Rule Role Mode Roles Mode
A Allow Editor Disable
B Allow Author Hide
  • An Editor passes rule A → unrestricted
  • An Author passes rule B → unrestricted
  • A user who is neither fails both → Hidden (most restrictive mode wins)

3. Extending Custom Form Components

The package includes built-in extenders for all standard Xperience form components. If your project uses custom form components (e.g., from a shared library), you can add support with a one-liner:

using XperienceCommunity.FieldPermissions.Extenders;

using Kentico.Xperience.Admin.Base.Forms;

[assembly: FormComponentExtender(typeof(RoleAwareCustomDropdownExtender))]

namespace MyProject;

// One-liner: inherit the base — that's it.
// XbyK matches extenders by exact component type, so each custom
// component needs its own extender class.
public sealed class RoleAwareCustomDropdownExtender()
    : RoleAwareFormComponentExtenderBase<CustomDropdownComponent>;

⚠️ Breaking change when upgrading from 1.0.0 — custom form component extenders. RoleAwareFormComponentExtenderBase<T> no longer takes IFieldPermissionService (or any service) via its constructor; it now resolves its dependencies internally.
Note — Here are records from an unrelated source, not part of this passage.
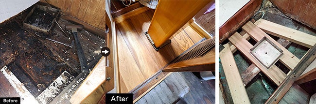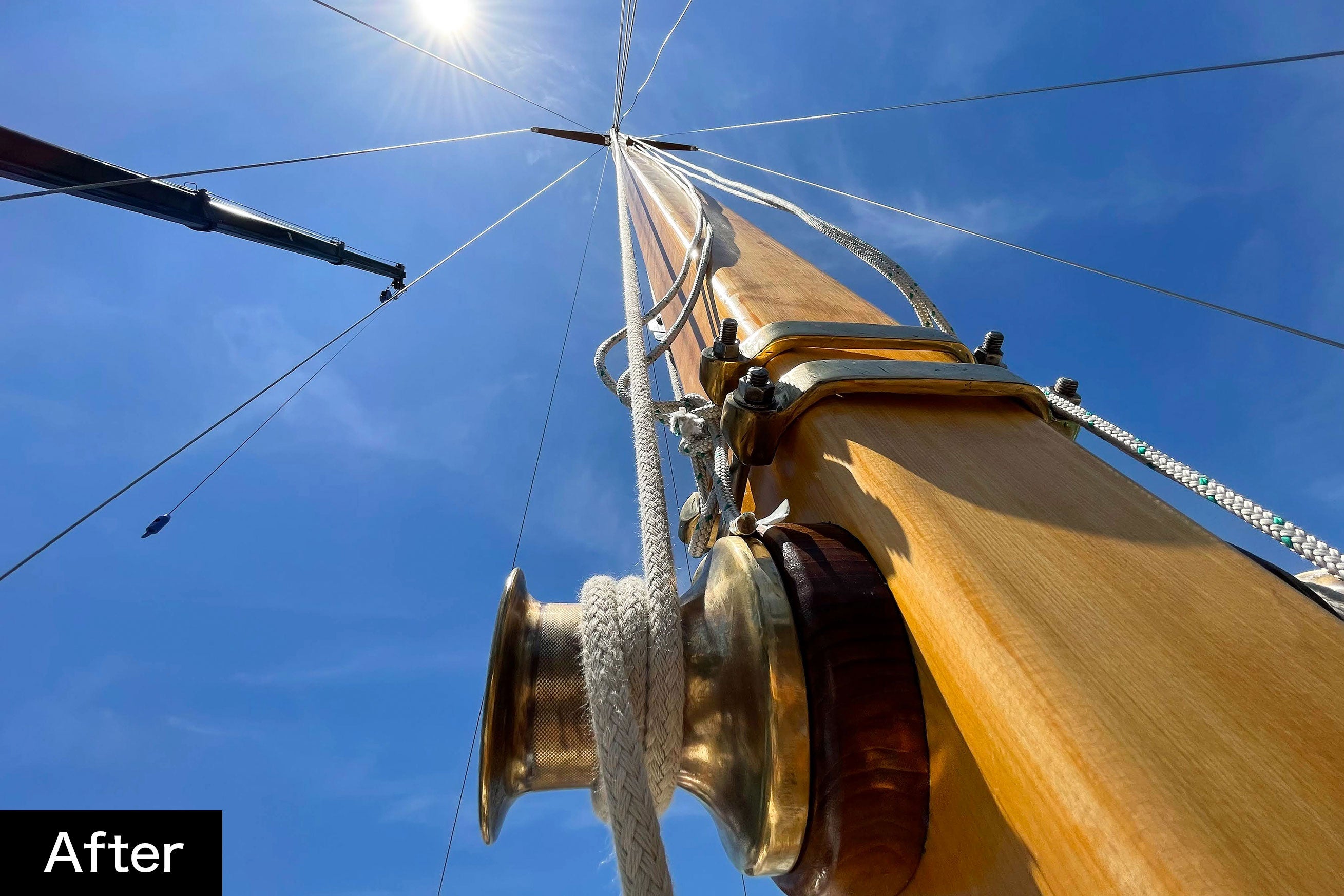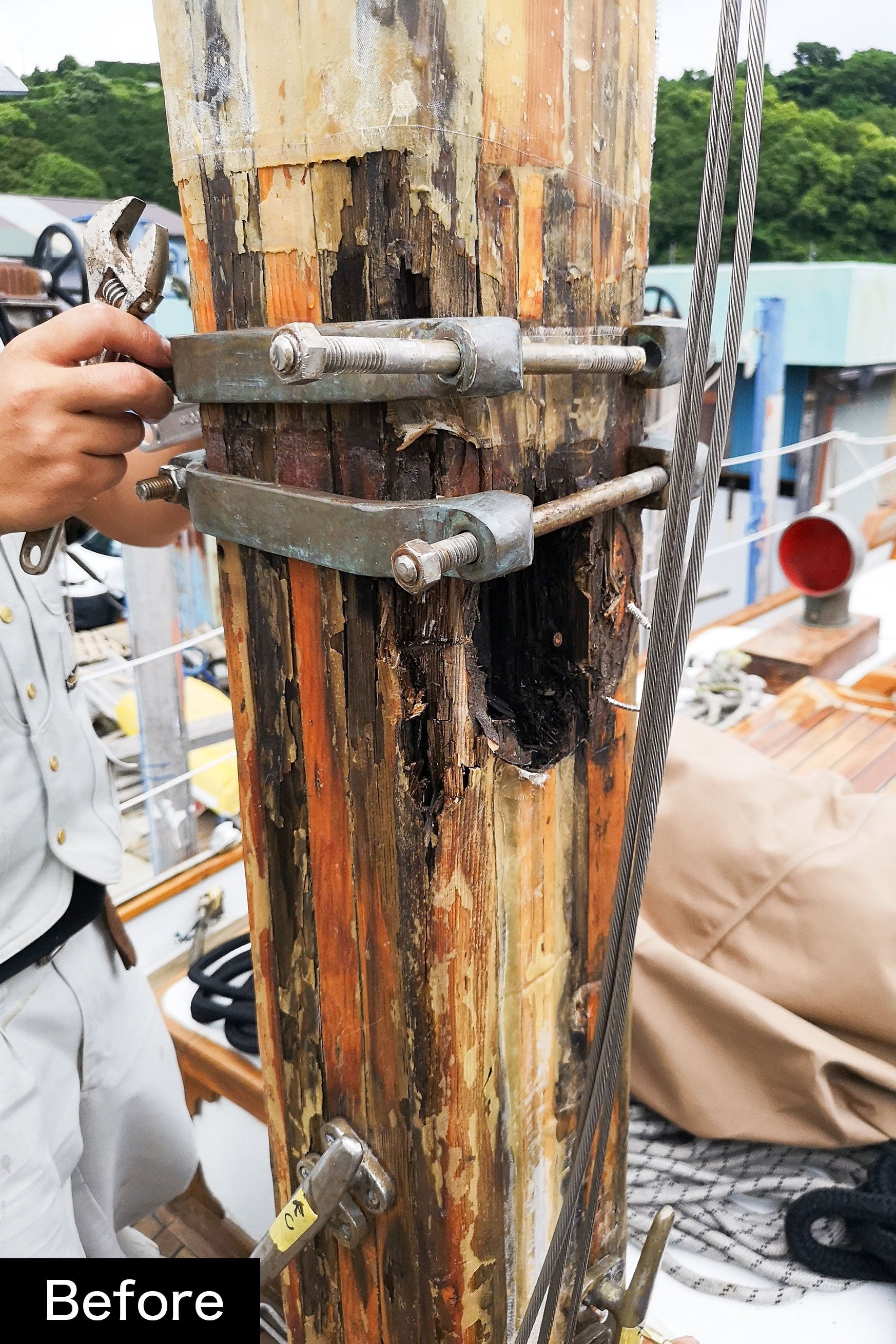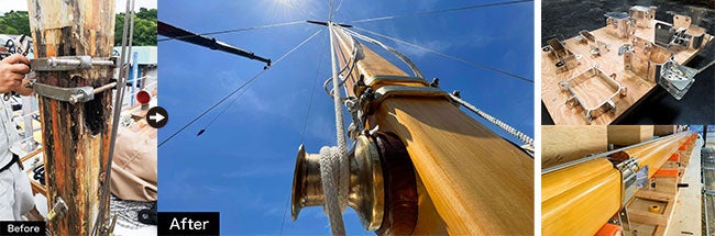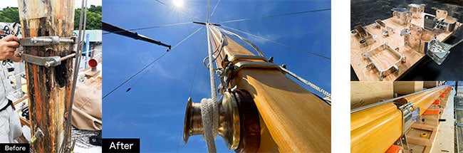 ・メイン、ミズンマスト、腐食や漏水が著しい箇所をレストア。ボルト貫通部はマスト抱かせ型に変更
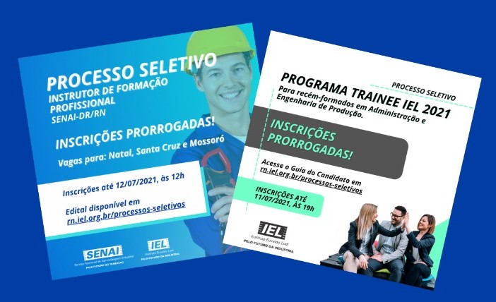 O Instituto Euvaldo Lodi (IEL-RN) prorrogou o prazo para as inscrições do Processo Seletivo do Programa Trainee IEL 2021 para recém-formados nos cursos de nível superior de Administração e Engenharia de Produção. Interessados podem se inscrever até às 19 horas do dia 11 de julho. As etapas da seleção são análise curricular …
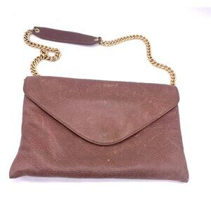 J. Crew Brown Leather Clutch With Gold Chain Strap

Update custom extenders to a parameterless constructor:

// Before
public sealed class RoleAwareMyComponentExtender(IFieldPermissionService svc)
    : RoleAwareFormComponentExtenderBase<MyComponent>(svc);

// After
public sealed class RoleAwareMyComponentExtender()
    : RoleAwareFormComponentExtenderBase<MyComponent>;

Registration via [assembly: FormComponentExtender(...)] is unchanged.

Full Instructions

View the Usage Guide for complete documentation including:

  • How field permission enforcement works
  • Extending custom form components
  • Key types reference
  • Database structure
  • Troubleshooting

Contributing

Feel free to submit issues or pull requests to the repository, this is a community package and everyone is welcome to support.

License

Distributed under the MIT License. See LICENSE.md for more information.

About

Role-based field-level access control for Xperience by Kentico. Restrict editing of individual fields per content type based on admin roles — disable (read-only) or hide fields entirely. Configurable through a "Field permissions" tab on each content type in the admin UI. Extends all built-in form components automatically.